» **Your objective**
Please print exactly the lines from the line containing "La conferencia de" through the end of the data, no more, and keep pictures out of the copy.

» **Data excerpt**
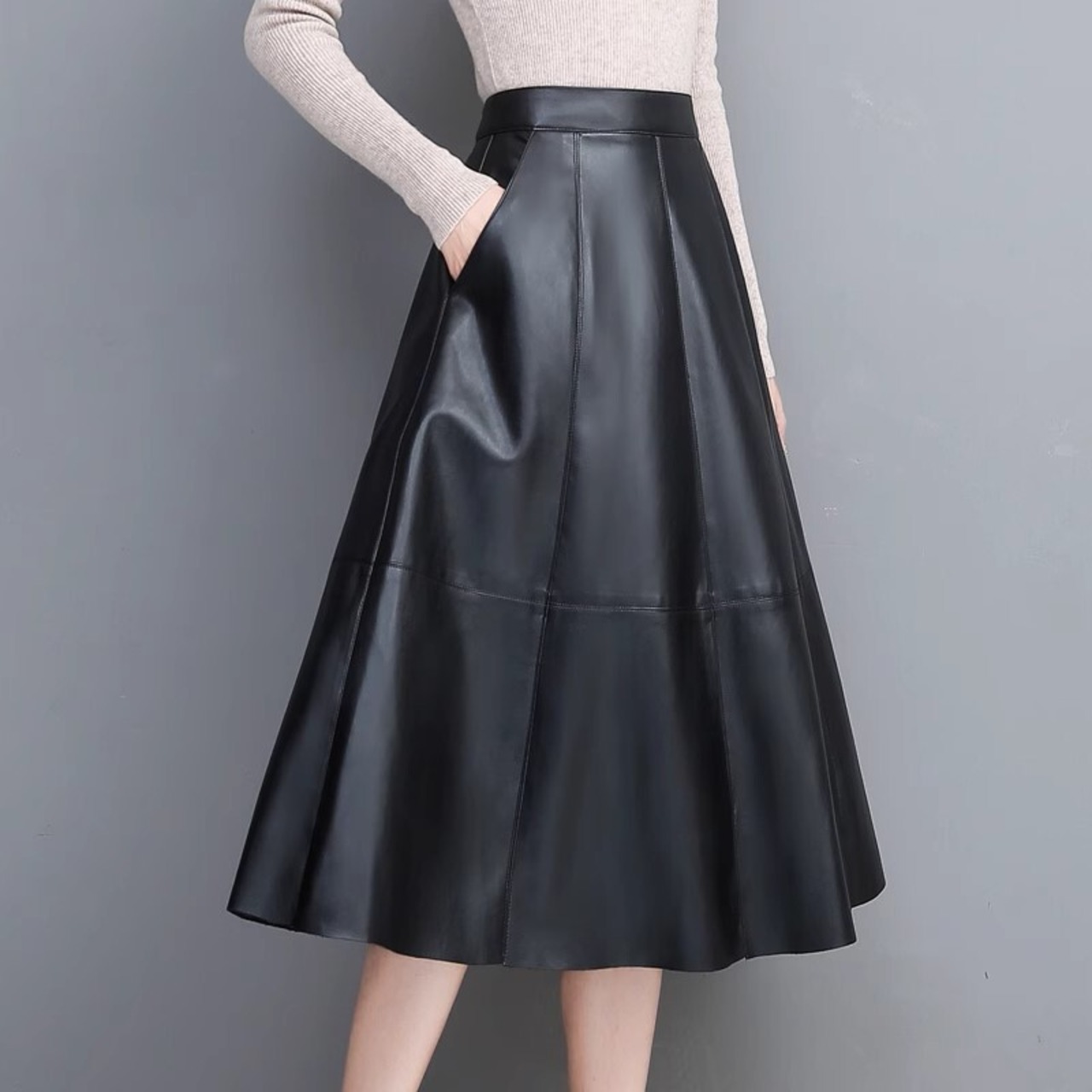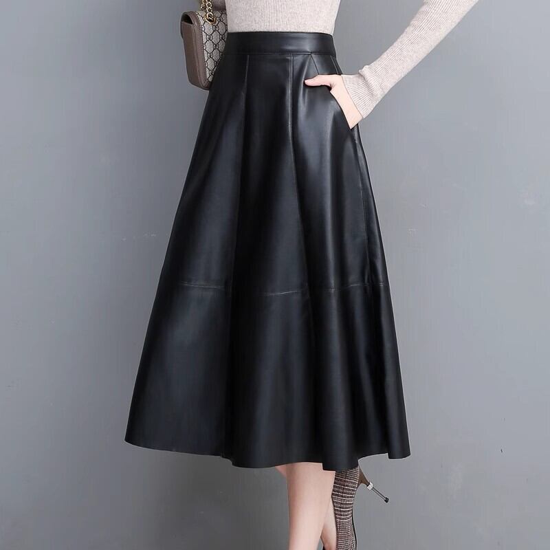 レディース スカート ボトムス レザースカート フレアスカート ミモレ フレア Aライン ファスナー ポケット ハイウエスト レザー フェイクレザー さらさら ハリ感 シンプル カジュアル おしゃれ かっこいい こなれ感 ラフ 個性的 エレガント モダン 存在感 抜け感 ヴィンテージ 都会的 ラグジュアリー クラシカル アクティブ ワイルド 休日感 ハイエンド ストリート 大人女子 無地 秋 冬 アウトドア イベント 休日 ショッピング 合コン Bar お呼ばれ 韓国 体型カバー 着回し ゆる ブラック
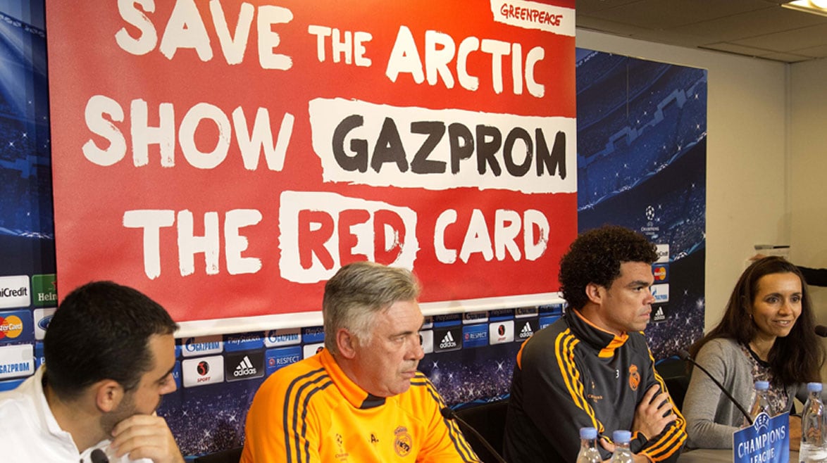La conferencia de prensa del Real Madrid este lunes, antes del partido de la Liga de Campeones contra el FC Copenhagen, se vio brevemente interrumpida, cuando una pancarta de Greenpeace contra la petrolera rusa Gazprom tapó el panel publicitario desplegado detrás del entrenador Carlo Ancelotti.
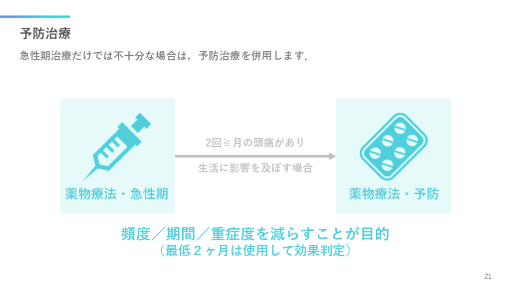#22. 予防治療 急性期治療だけでは不十分な場合は,予防治療を併用します. 21 2回≧月の頭痛があり

» **Answer for the task**
La conferencia de prensa del Real Madrid este lunes, antes del partido de la Liga de Campeones contra el FC Copenhagen, se vio brevemente interrumpida, cuando una pancarta de Greenpeace contra la petrolera rusa Gazprom tapó el panel publicitario desplegado detrás del entrenador Carlo Ancelotti.
#22. 予防治療 急性期治療だけでは不十分な場合は,予防治療を併用します. 21 2回≧月の頭痛があり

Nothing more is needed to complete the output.